A move toward making data and analyses open is being promoted in a top-down fashion by several journals, and universities and publishers have been developing platforms to make this possible. But many scientists are resisting this process, and putting forward all kinds of argument against it. I think we have to take such concerns seriously: it is all too easy to mandate new actions for scientists to follow that have unintended consequences and just lead to time-wasting, bureaucracy or perverse incentives. But in this case I don't think the objections withstand scrutiny. Here are the main ones we identified at our meeting:

1.  Lack of time to curate data;  Data are only useful if they are understandable, and documenting a dataset adequately is a non-trivial task;

2.  Personal investment - sense of not wanting to give away data that had taken time and trouble to collect to other researchers who are perceived as freeloaders;

3. Concerns about being scooped before the analysis is complete;

4.  Fear of errors being found in the data;

5.  Ethical concerns about confidentiality of personal data, especially in the context of clinical research;

6.  Possibility that others with a different agenda may misuse the data, e.g. perform selective analysis that misrepresented the findings;

These have partial overlap with points raised by Giorgio Ascoli (2015) when describing NeuroMorpho.Org, an online data-sharing repository for digital reconstructions of neuronal morphology.

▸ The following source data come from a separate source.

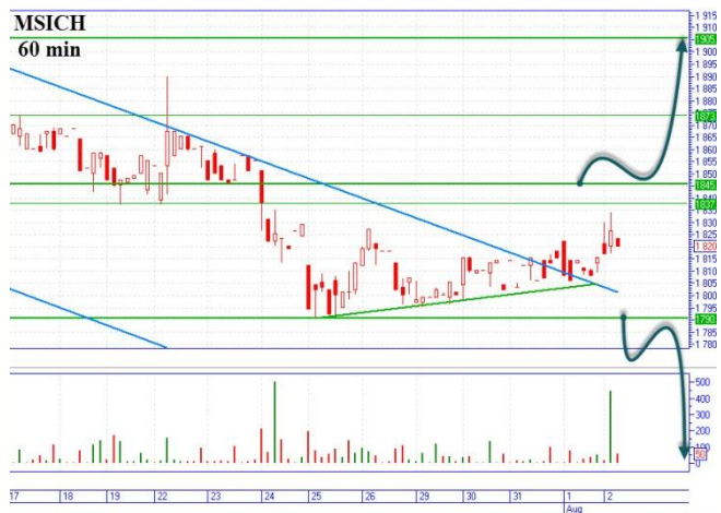
MSICH пробой трендовой линии

Цена «мотора» пробилa сопротивления нисходящего канала на уровне 1795-1800грн. и пока находится в боковом движении с диапазоном 1800-1840грн. «Бычий» сценарий начинаем с цены 1845грн. с целью наверху 1905грн. горизонтальное сопротивление. «Медвежье» сценарий, начинаем после пробития горизонтальной поддержки цены 1790грн., цель промежуточная вниз поддержка 1740грн., основная 1620грн. сильная поддержка.
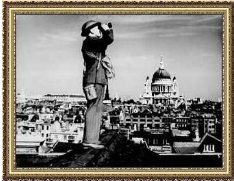
Солдат ПВО на крыше лондонского дома
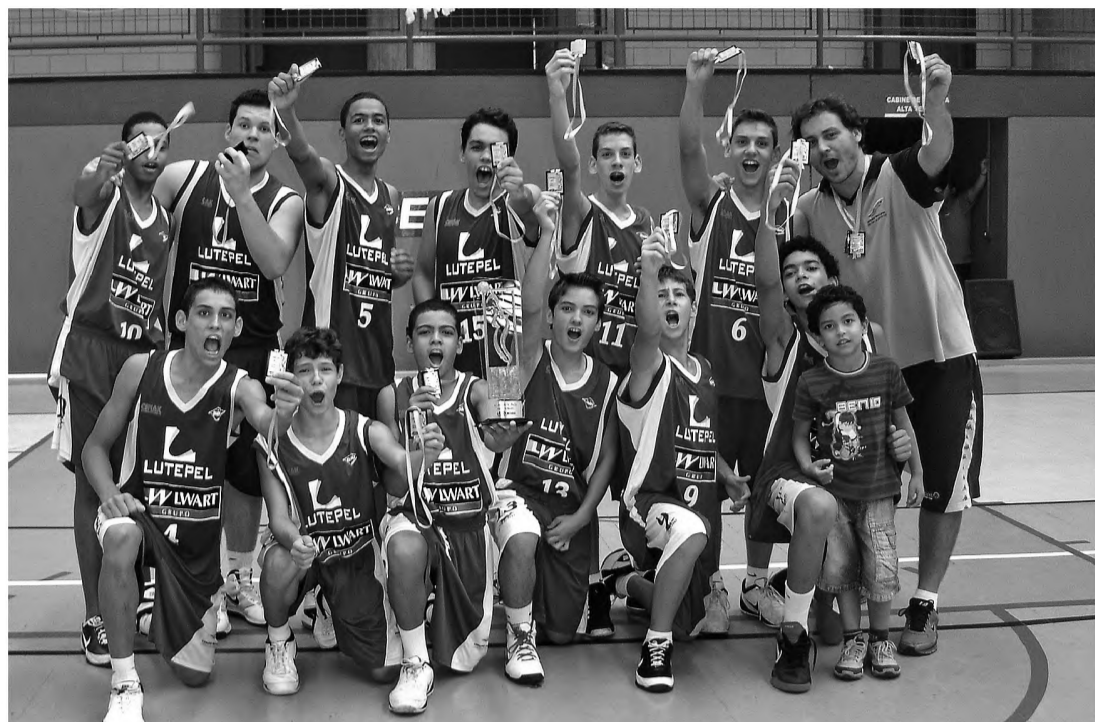
TÍTULO – Equipe sub-15 bateu Marília por apenas um ponto de diferença, em jogo marcado pela emoção

Com esse título, a equipe se igualou a equipe sub-16 que já havia conquistado o caneco na categoria, também sobre Marília. As equipes sub-12 e sub-13 também chegaram às decisões, mas perderam para Maracá.

Despite the great success of the repository, it is still the case that many people fail to respond to requests to share their data, and points 1 and 2 seemed the most common reasons.

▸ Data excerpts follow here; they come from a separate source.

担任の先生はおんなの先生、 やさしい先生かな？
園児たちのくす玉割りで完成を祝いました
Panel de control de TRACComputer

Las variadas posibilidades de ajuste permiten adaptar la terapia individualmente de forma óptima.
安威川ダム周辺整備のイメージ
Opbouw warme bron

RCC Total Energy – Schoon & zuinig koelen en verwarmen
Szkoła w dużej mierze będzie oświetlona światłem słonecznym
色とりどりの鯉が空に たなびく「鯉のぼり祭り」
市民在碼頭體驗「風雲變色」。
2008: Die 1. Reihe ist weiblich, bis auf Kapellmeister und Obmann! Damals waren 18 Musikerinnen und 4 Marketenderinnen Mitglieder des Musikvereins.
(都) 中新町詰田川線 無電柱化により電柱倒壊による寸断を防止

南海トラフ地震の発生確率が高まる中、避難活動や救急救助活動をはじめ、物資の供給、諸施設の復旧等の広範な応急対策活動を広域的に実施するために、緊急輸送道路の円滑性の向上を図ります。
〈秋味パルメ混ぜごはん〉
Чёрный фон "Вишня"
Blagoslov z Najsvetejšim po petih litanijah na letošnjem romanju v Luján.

As Ascoli noted, however, there are huge benefits to data-sharing, which outweigh the time costs. Shared data can be used for studies that go beyond the scope of the original work, with particular benefits arising when there is pooling of datasets. Some illustrative examples from the field of brain imaging were provided by Thomas Nichols at our meeting (slides here), where a range of initiatives is being developed to facilitate open data. Data-sharing is also beneficial for reproducibility: researchers will check data more carefully when it is to be shared, and even if nobody consults the data, the fact it is available gives confidence in the findings. Shared data can also be invaluable for hands-on training. A nice example comes from Nicole Janz, who teaches a replication workshop in social sciences in Cambridge, where students pick a recently published article in their field and try to obtain the data so they can replicate the analysis and results.

These are mostly benefits to the scientific community, but what about the 'freeloader' argument? Why should others benefit when you have done all the hard work? In fact, when we consider that scientists are usually receiving public money to make scientific discoveries, this line of argument does not appear morally defensible. But in any case, it is not true that the scientists who do the sharing have no benefits. For a start, they will see an increase in citations, as others use their data. And another point, often overlooked, is that uncurated data often become unusable by the original researcher, let alone other scientists, if it is not documented properly and stored on a safe digital site. Like many others, I've had the irritating experience of going back to some old data only to find I can't remember what some of the variable names refer to, or whether I should be focusing on the version called final, finalfinal, or ultimate. I've also had the experience of data being stored on a kind of floppy disk, or coded by a software package that had a brief flowering of life for around 5 years before disappearing completely.

Concerns about being scooped are frequently cited, but are seldom justified. Indeed, if we move to a situation where a dataset is a publication with its own identifier, then the original researcher will get credit every time someone else uses the dataset. And in general, having more than one person doing an analysis is an important safeguard, ensuring that results are truly replicable and not just a consequence of a particular analytic decision (see this article for an illustration of how re-analysis can change conclusions).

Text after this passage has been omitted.